Do you have a better solution how to convert today's dates to Stardate? Is there any agreed on (by fans, anyways) standard that I simply missed?
Do you have a better solution how to convert today's dates to Stardate? Is there any agreed on (by fans, anyways) standard that I simply missed?
Oooh, neat question! I remember pondering this when I was a teenager in the 90s.
I actually realized early on that the standard ISO date format is the best: YYYY-MM-DD (although I didn't use hyphens at the time, as stardates don't have hyphens), and started using YYYYMMDD for my digital diary way back then (long lost, sadly, or maybe not SO sadly, if you knew me as a teenager, lol)
But the canonical system of #Stardate as of the TNG era was 40000 + 1000 * season_number + "day", where the "day" was something like (day_of_year / 365 * 999)
So, since season 1 was 1987, the "current" stardate would be something like 2025-1987 + 41 = 79000
As far as the non-sequential order of TOS stardates goes, this is because NBC did not air the episode in the order they were made.

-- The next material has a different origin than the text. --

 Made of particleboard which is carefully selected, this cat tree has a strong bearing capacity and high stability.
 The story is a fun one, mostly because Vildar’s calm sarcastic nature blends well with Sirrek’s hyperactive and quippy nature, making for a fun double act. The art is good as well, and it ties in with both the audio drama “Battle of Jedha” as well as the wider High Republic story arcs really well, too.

They were produced sequentially, but not aired sequentially.
The other problem is that the stardates are tied to the beginning of TNG seasons (in the fall), and not the beginning of calendar years. That makes things more difficult, but I guess the best solution would be to use the number of days since Encounter at Farpoint aired? (1987-09-28)

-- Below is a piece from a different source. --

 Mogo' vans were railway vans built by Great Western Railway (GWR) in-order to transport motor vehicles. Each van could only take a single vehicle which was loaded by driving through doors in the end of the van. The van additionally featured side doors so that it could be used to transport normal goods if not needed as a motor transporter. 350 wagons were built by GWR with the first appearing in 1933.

Here's what I came up with using bash, bc (which you may need to install) and awk:
$ echo "( $(date +%s) - $(date +%s -d 1987-09-28) ) / 365.25 / 24 / 3600 * 1000 + 41000" |bc -l |awk '{printf "%.1f\n", $1}'
78967.2
@mirabilos @nazgul @amin @bugbear
How do you set the decimal precision without -l? I'm a total noob.
@rl_dane @nazgul @amin @bugbear -l just loads the library (for sinus, etc). You need set the scale, even if you load the library.

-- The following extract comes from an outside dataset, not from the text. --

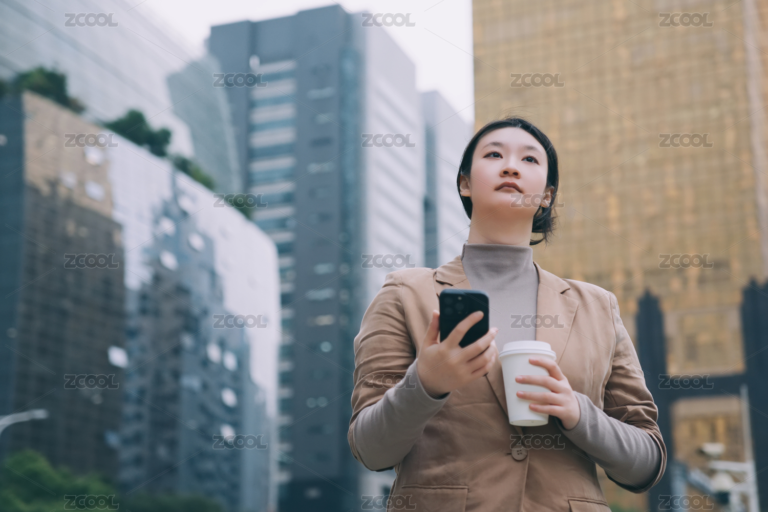 女商人,智能手机,城市,专业人士,技术,手机,商务装,咖啡杯,公司,连接

RTFM bc(1), dc(1), 06.bc(USD), 05.dc(USD)
@mirabilos @nantucketlit @amin @nazgul @bugbear
Not dead, "dood" (dude). ;)
@mirabilos @nantucketlit @amin @nazgul @bugbear
Ahhh... Well, the internet says that [dutch is not a serious language] ;)
@mirabilos @nantucketlit @amin @nazgul @bugbear
I still hear Dutch speakers as "this is what American English would sound like to me if I didn't know English, but with an occasional "kh" sound" ;)
@amin @nazgul @rl_dane @bugbear @nantucketlit it varies a lot; the "barok" radio I’m currently listening to’s moderation consists almost wholly of throat sounds with an occasional comprehensible word or two thrown in.
I learn languages by reading/writing, which makes this… challenging.
@mirabilos @amin @nazgul @bugbear @nantucketlit
> I learn languages by reading/writing, which makes this… challenging.
I've often wondered if Korean couldn't be the easiest Asian language to learn, as its writing system (Hangul) is very easy to learn.
@amin @rl_dane @bugbear @nazgul @nantucketlit lots and lots of homoglyphs due to the history of ideographs.
Cymraeg seems nice. No silent letters like Gaelic, and the pronunciation (once you get w and y sorted and remember u is i) is totally straightforward, with a bit of difference between N/S Wales.
@mirabilos @amin @bugbear @nazgul @nantucketlit
That's interesting! I once saw an experiment of mutual intelligibility on YT between a Welsh and Irish (I think) Gaelic speaker, and it was pretty fascinating.
The two languages did sound similar to my (completely untrained) ears, but they had a lot of difficulty understanding each other. As I recall, they had a lot of shared cognates, but not so much a 1:1 between words.